Serial SCENT results showed a borderline association with progression at 3 months. However, post-treatment tissue confirmation was not available, meaning the longitudinal findings should be considered hypothesis-generating.
The possibility of using serial CT scans as a dynamic virtual biopsy is appealing. Unlike tissue biopsies, CT imaging is already routinely performed during treatment monitoring. Still, prospective trials with paired imaging, tissue, and clinical outcome data will be essential before this strategy can be used in clinical decision-making.
Why This Study Matters
PD-L1 immunohistochemistry remains the current standard biomarker for immunotherapy selection in metastatic NSCLC. However, tissue testing has practical limitations, including procedure-related risks, inadequate samples, temporal changes in PD-L1 expression, and intratumoral heterogeneity.

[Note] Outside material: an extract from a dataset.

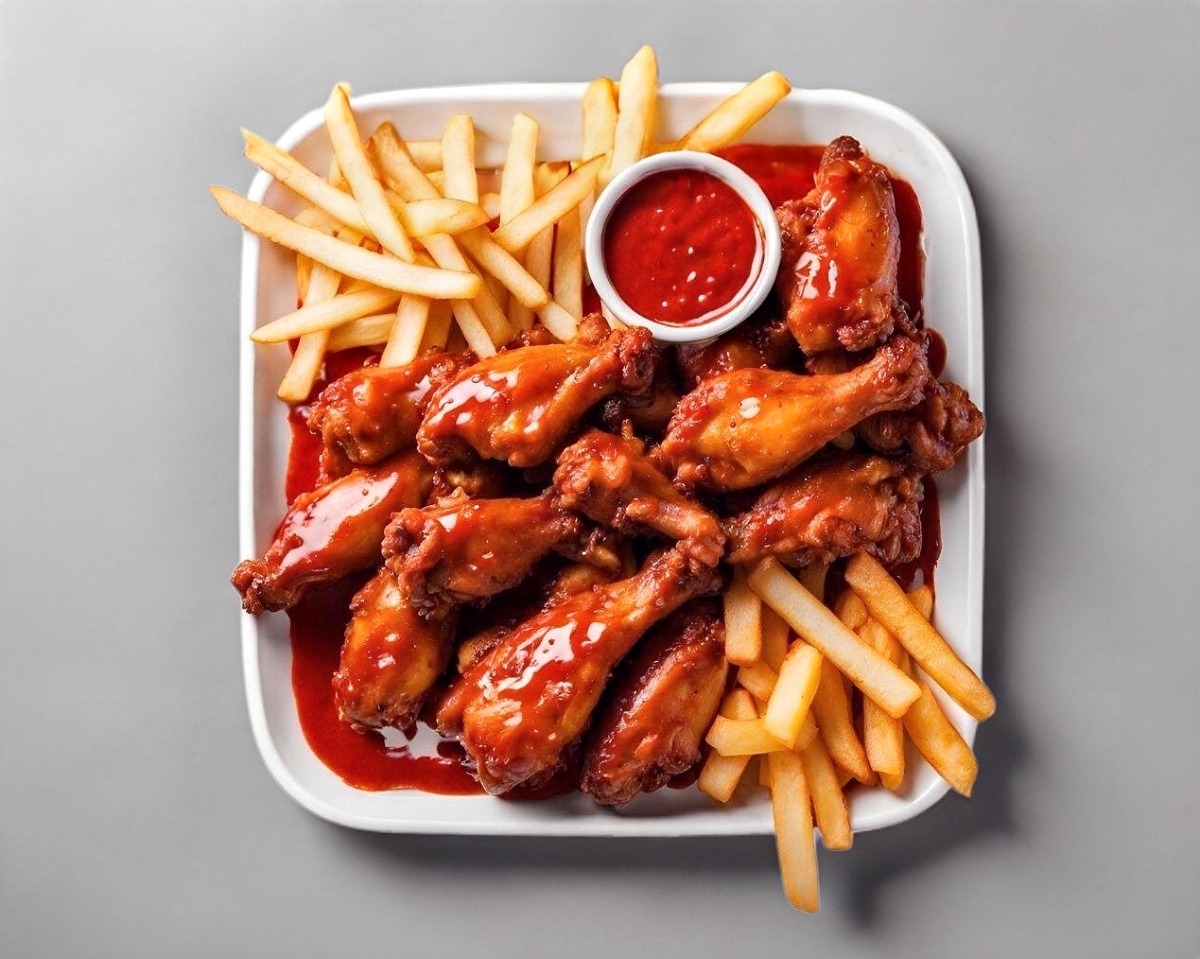 Tus alitas o boneless, bañados en tu salsa favorita, acompañados de unas crujientes papas a la francesa (250g), vegetales y un aderezo ranch.

SCENT represents a step toward a future where routine imaging may contribute more directly to treatment selection. The model showed reproducible PD-L1 classification across multiple cohorts and was associated with immunotherapy outcomes.
Importantly, this is not yet a replacement for PD-L1 tissue testing. The study was retrospective, and the longitudinal imaging findings require confirmation. The authors also emphasize the need for prospective validation before SCENT can be used to guide treatment.
The Bottom Line
This multi-center study suggests that deep learning analysis of standard CT scans can estimate PD-L1 expression and stratify immunotherapy outcomes in metastatic NSCLC.
SCENT achieved AUCs of 0.84, 0.80, and 0.78 across the MD Anderson, Mayo Clinic, and LONESTAR cohorts, respectively. Its prognostic performance was comparable to tissue PD-L1 testing and may add value when combined with immunohistochemistry.
The next challenge is proving whether this CT-based virtual biopsy can improve real-world treatment decisions, particularly when tissue is limited, biopsies are difficult to obtain, or serial monitoring is needed.